### Your assignment
Print the data exactly as written, but leave out each picture.

### Given data
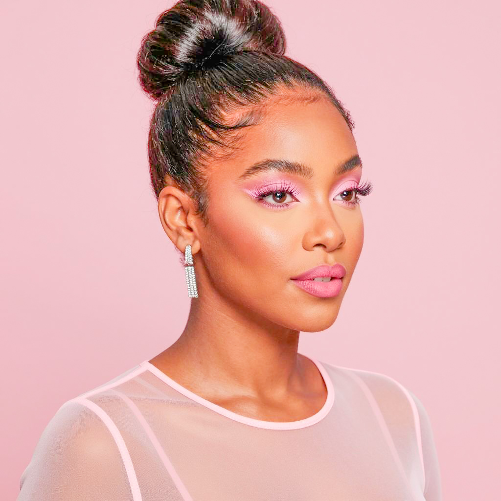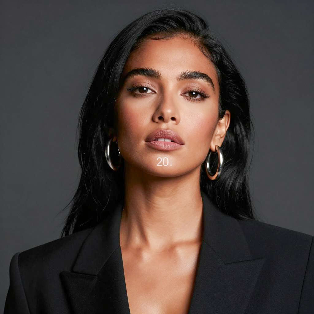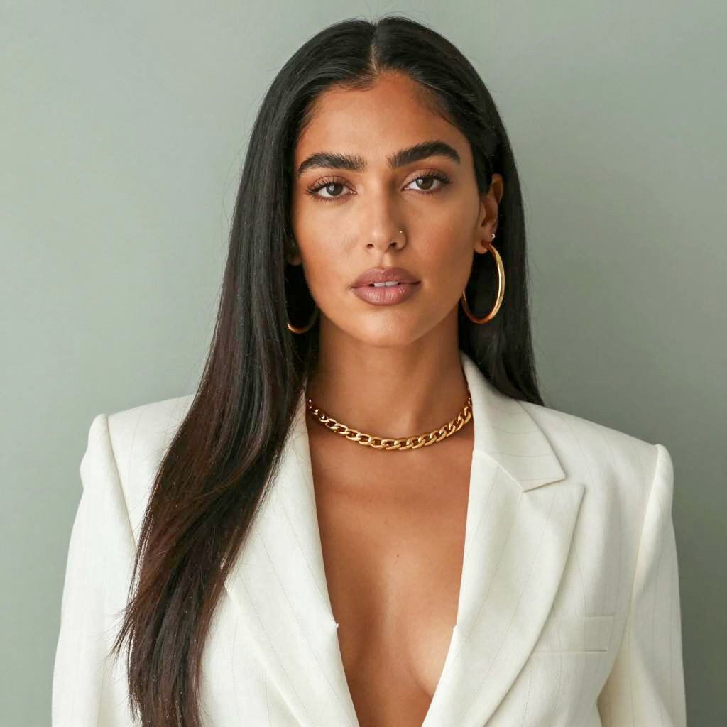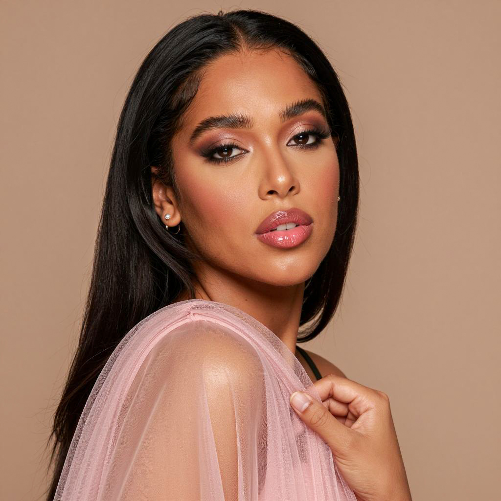 Photograph of a woman with long black hair, light brown skin, and intense makeup. She has dark, defined eyebrows, smoky eye shadow, thick lashes, and glossy pink lips. She wears a light pink, sheer fabric over her shoulder and a small, round earring in her left ear. Her right hand gently holds the fabric. The background is solid light brown. Her expression is confident and slightly pouty.
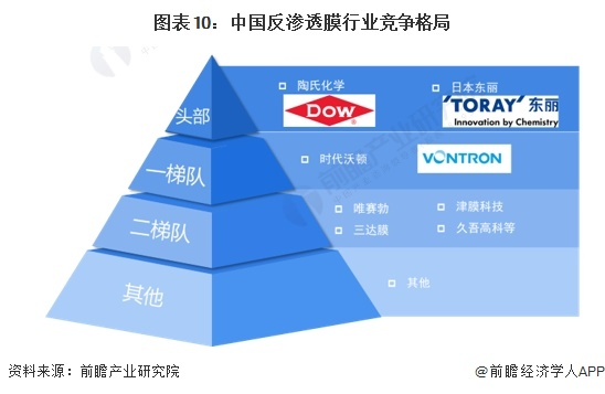 从市场份额看,国外反渗透膜企业仍占据主导地位。国外企业中,陶氏化学、日东电工、东丽、GE、世韩、LG等企业占据了大量的市场份额,形成寡头竞争的局面。
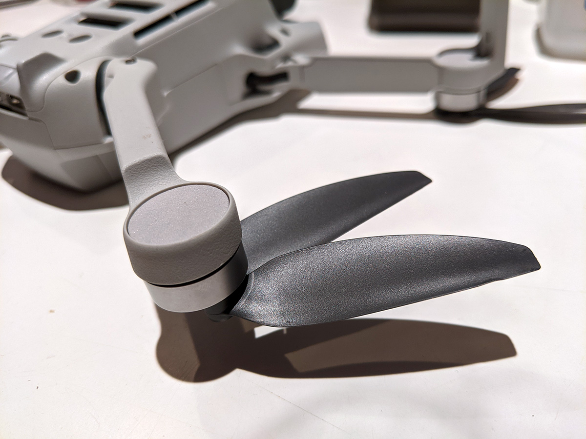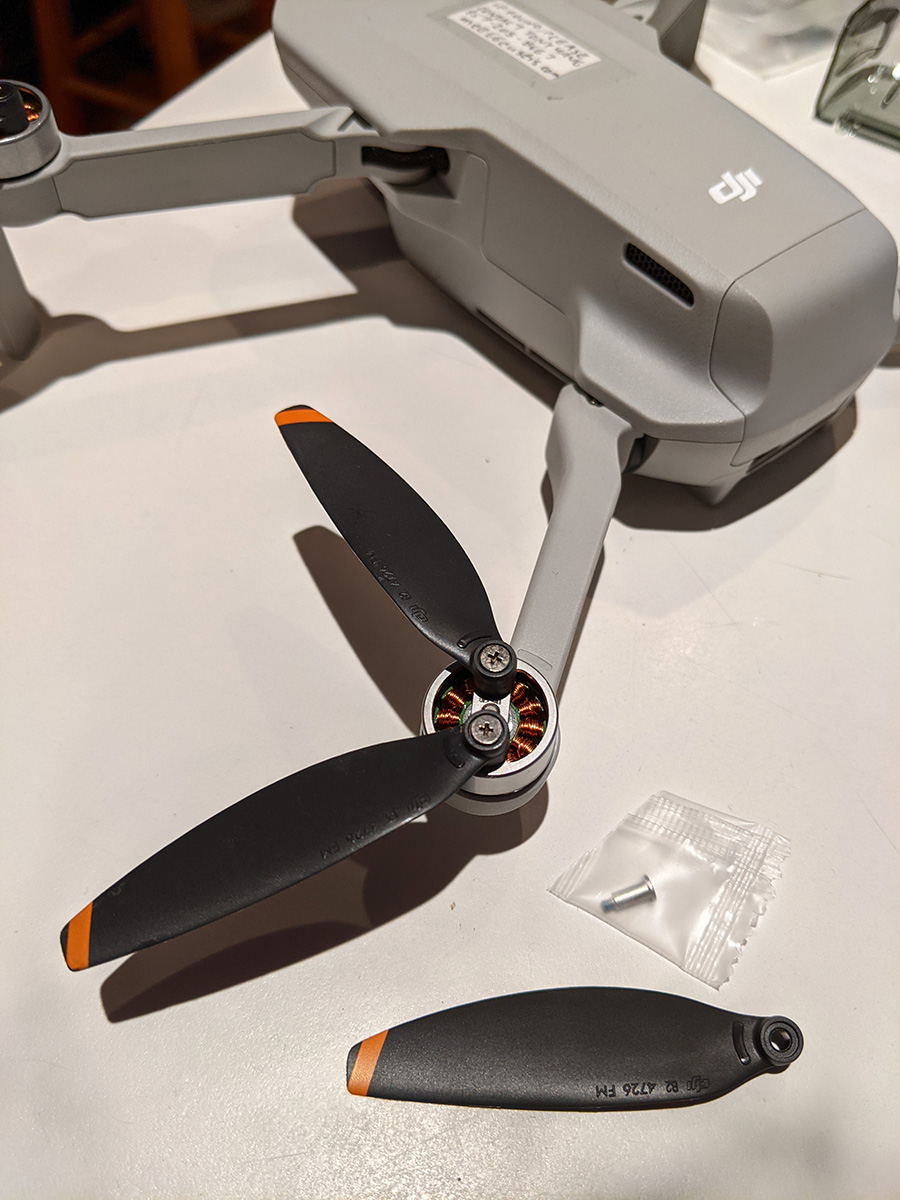 back at the house i examined the drone more thoroughly. i tried cleaning off the blood with some cotton swabs and alcohol, but it wouldn't come off. only when i tried some hydrogen peroxide did it do the trick. i checked the propellers to make sure there were no damages. a few had dried up blood on them. one in particular had a small dent, maybe that happened when it hit my fingernail. fortunately one of the undamaged propellers i removed when i replaced my propellers the last time i had a crash was a perfect match, so i replaced that one damaged propeller, using a brand new screw as well.

### Answer section
 Photograph of a woman with long black hair, light brown skin, and intense makeup. She has dark, defined eyebrows, smoky eye shadow, thick lashes, and glossy pink lips. She wears a light pink, sheer fabric over her shoulder and a small, round earring in her left ear. Her right hand gently holds the fabric. The background is solid light brown. Her expression is confident and slightly pouty.
 从市场份额看,国外反渗透膜企业仍占据主导地位。国外企业中,陶氏化学、日东电工、东丽、GE、世韩、LG等企业占据了大量的市场份额,形成寡头竞争的局面。
 back at the house i examined the drone more thoroughly. i tried cleaning off the blood with some cotton swabs and alcohol, but it wouldn't come off. only when i tried some hydrogen peroxide did it do the trick. i checked the propellers to make sure there were no damages. a few had dried up blood on them. one in particular had a small dent, maybe that happened when it hit my fingernail. fortunately one of the undamaged propellers i removed when i replaced my propellers the last time i had a crash was a perfect match, so i replaced that one damaged propeller, using a brand new screw as well.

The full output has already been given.